81. Search in Rotated Sorted Array II

Suppose an array sorted in ascending order is rotated at some pivot unknown to you beforehand.

(i.e., [0,0,1,2,2,5,6] might become [2,5,6,0,0,1,2]).

You are given a target value to search. If found in the array return true, otherwise return false.

Example 1:

Input: nums = [2,5,6,0,0,1,2], target = 0
Output: true

Example 2:

Input: nums = [2,5,6,0,0,1,2], target = 3
Output: false

Follow up:

• This is a follow up problem to Search in Rotated Sorted Array, where nums may contain duplicates.
• Would this affect the run-time complexity?

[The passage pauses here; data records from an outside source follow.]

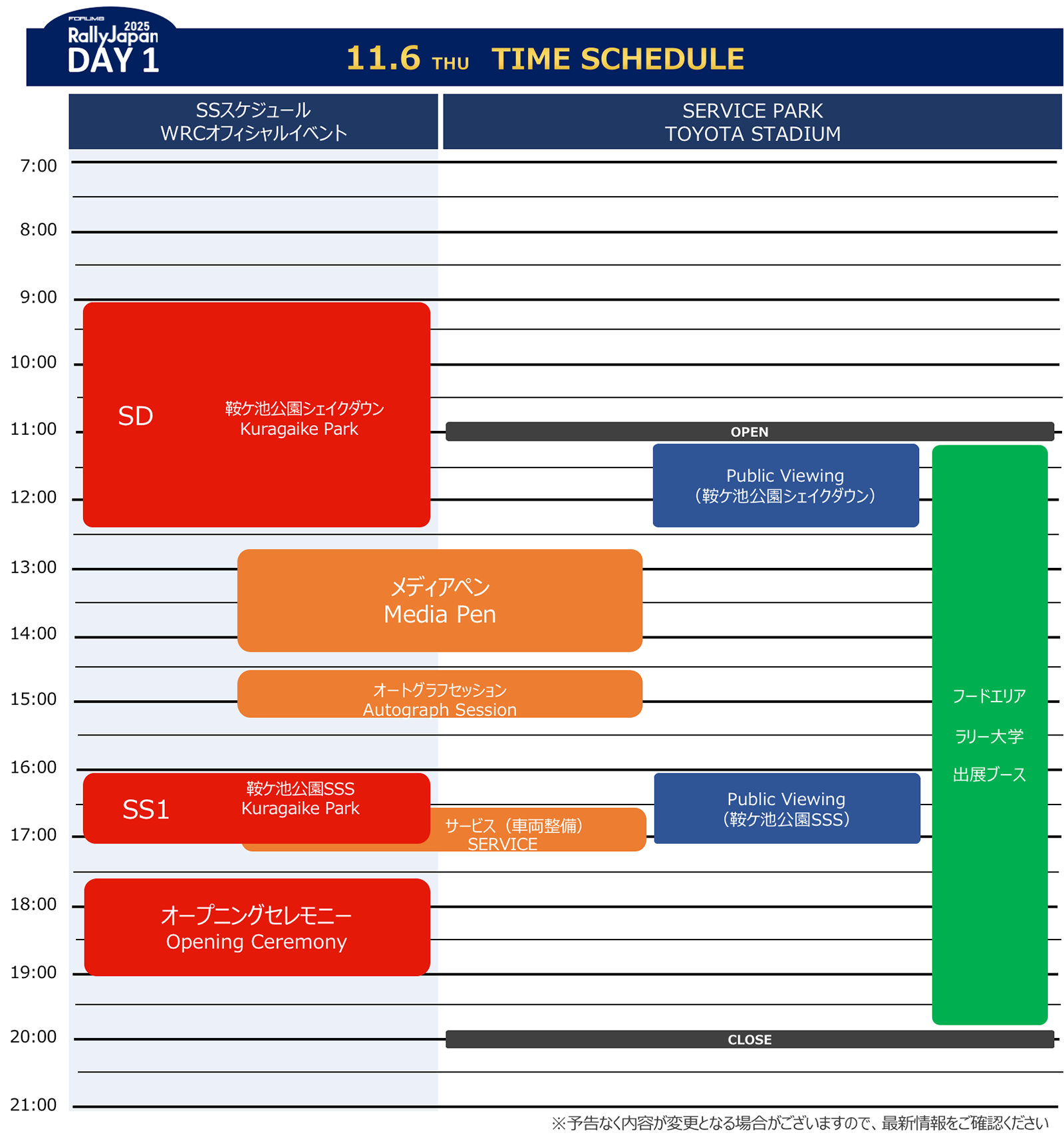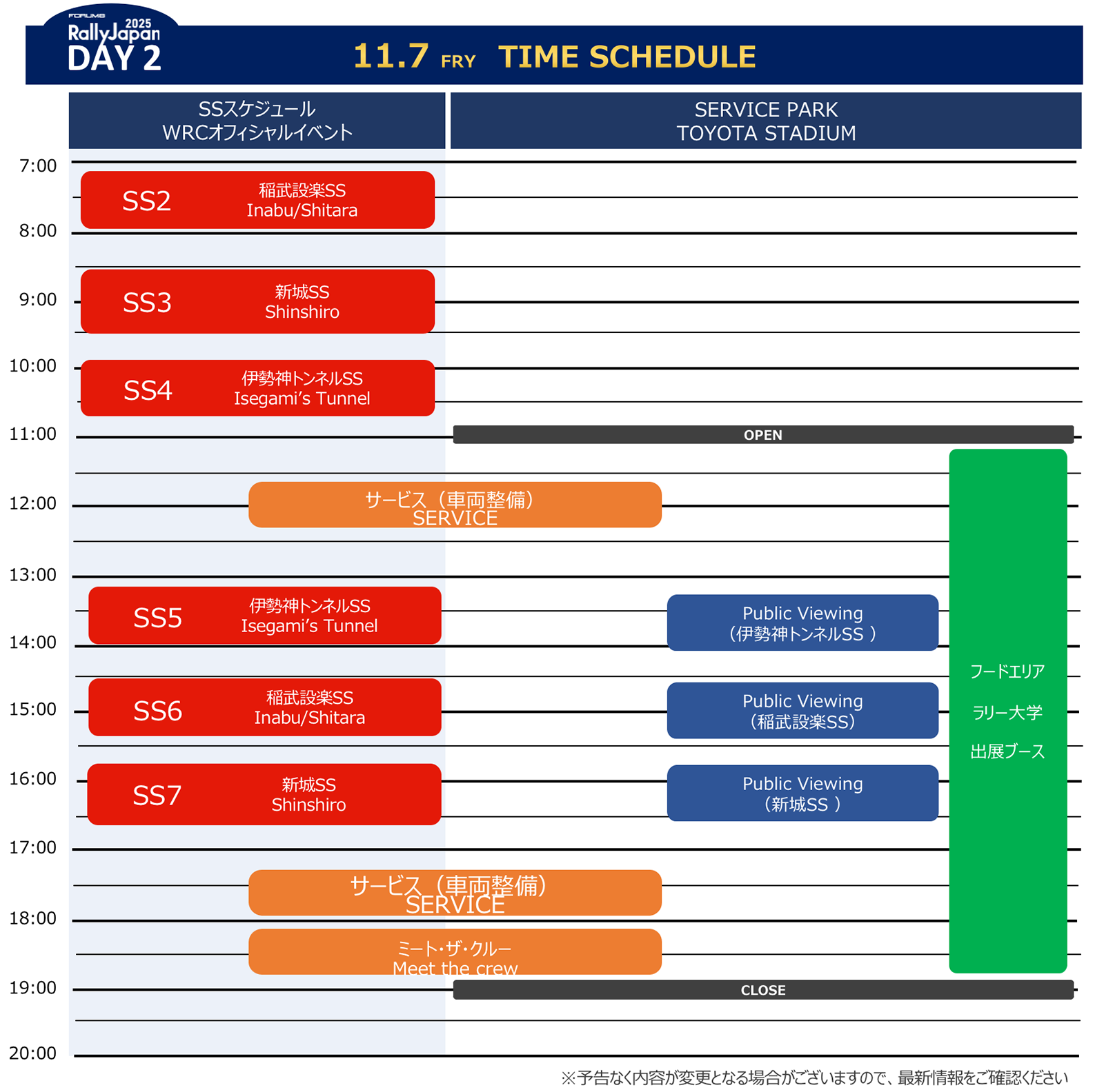 | 内容 | 開場時間内に開催される全SS のパブリックビューイングのほか、ステージイベントを実施予定です。 ※豊田スタジアムサービスパーク入場券が必要です。 |
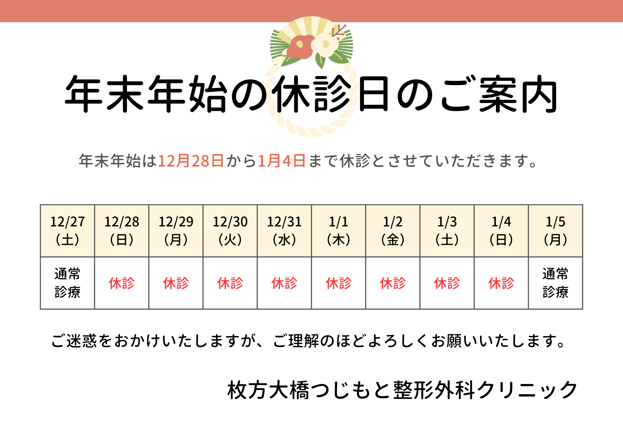 年末年始休診日のお知らせ 2025 11/23 お知らせ 記事一覧 2025年11月23日 当院は、年末年始のため12月28日(日)~1月4日(日)まで休診 とさせていただきます。 新年は 1月5日(月)より通常通り診療 を開始いたします。 期間中はご不便をおかけいたしますが、何卒ご理解のほどよろしくお願い申し上げます。 お知らせ 記事一覧 シェアしていただけると嬉しいです! URLをコピーしました! URLをコピーしました!
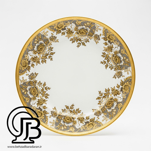این بشقاب چینی، طرحی کلاسیک و مجلل با نقوش گلدار طلایی و خاکستری در حاشیه دارد. گلها در این طرح بزرگتر و برجستهتر هستند. این بشقاب نیز حاشیه طلایی ضخیمی دارد و یادآور سبک ظروف Versace یا Williams Sonoma است.
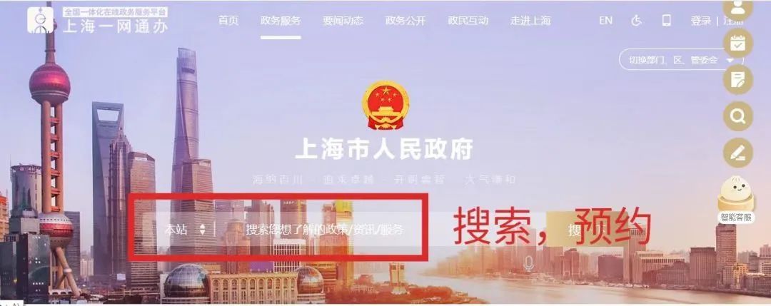 1.进入“一网通办”主页,在主页面直接搜索“预约”
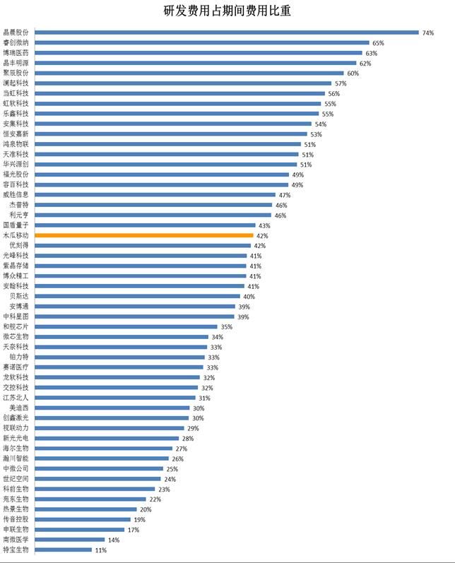 另外一个比较极端的例子是木瓜移动,研发占营收比为1%,在50家企业中排最末位。然后在研发占毛利比排名中排第38位(16%),在研发占期间费用比排名中跻身第21位(42%),超过多数其他的被受理企业。那么用1%的研发占营收比去评价木瓜移动的研发投入,显然是非常不科学和有失偏颇的。
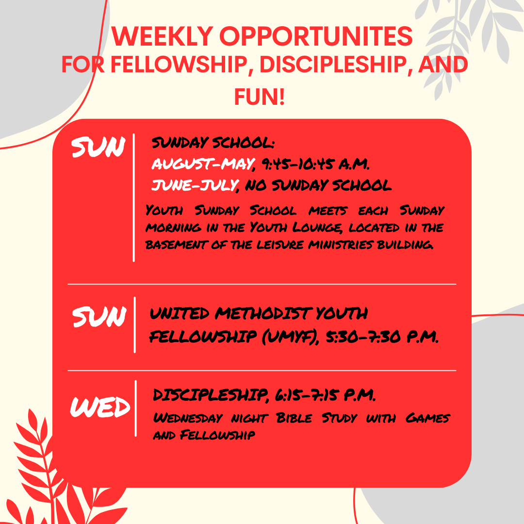 Our weekly gatherings include United Methodist Youth Fellowship, Discipleship (Bible Study), and Sunday School. We believe in nurturing a sense of community, where lifelong friendships are formed, and support systems are established.
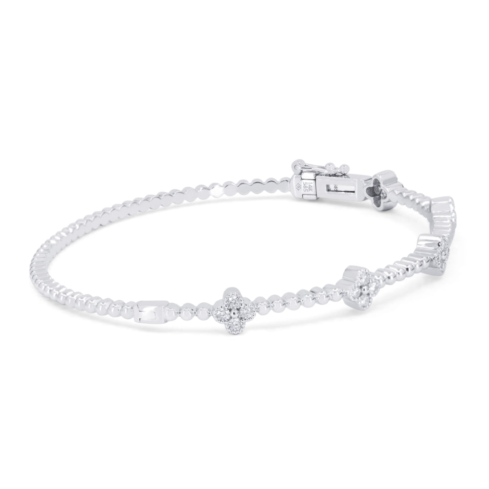 Beautiful Hand Crafted 14K White Gold White Diamond Milano Collection Bangle

How and why?

先把重复的元素去除了，然后用二分查找。

class Solution {
public:    
    bool search(vector<int>& nums, int target) {
        int len = nums.size();        
        unordered_set<int> s;
        vector<int> v;
        for(int num : nums){
            if(!s.count(num)){
                s.insert(num);
                v.push_back(num);
            }             
        }            
        int l, m, r;        
        l = 0; r = v.size() - 1;
        while(l <= r){
            m = (l + r) / 2;
            if(target == v[m])
                return true;
            else if(v[m] <= v[r]){
                if(v[m] < target && target < v[r])
                    l = m + 1;
                else if(target == v[r])
                    return true;
                else 
                    r = m - 1;
            } else if(v[l] <= v[m]){
                if(v[l] < target && target < v[m])
                    r = m - 1;
                else if(target == v[l])
                    return true;
                else 
                    l = m + 1;
            }
        }
        return false;
    }
};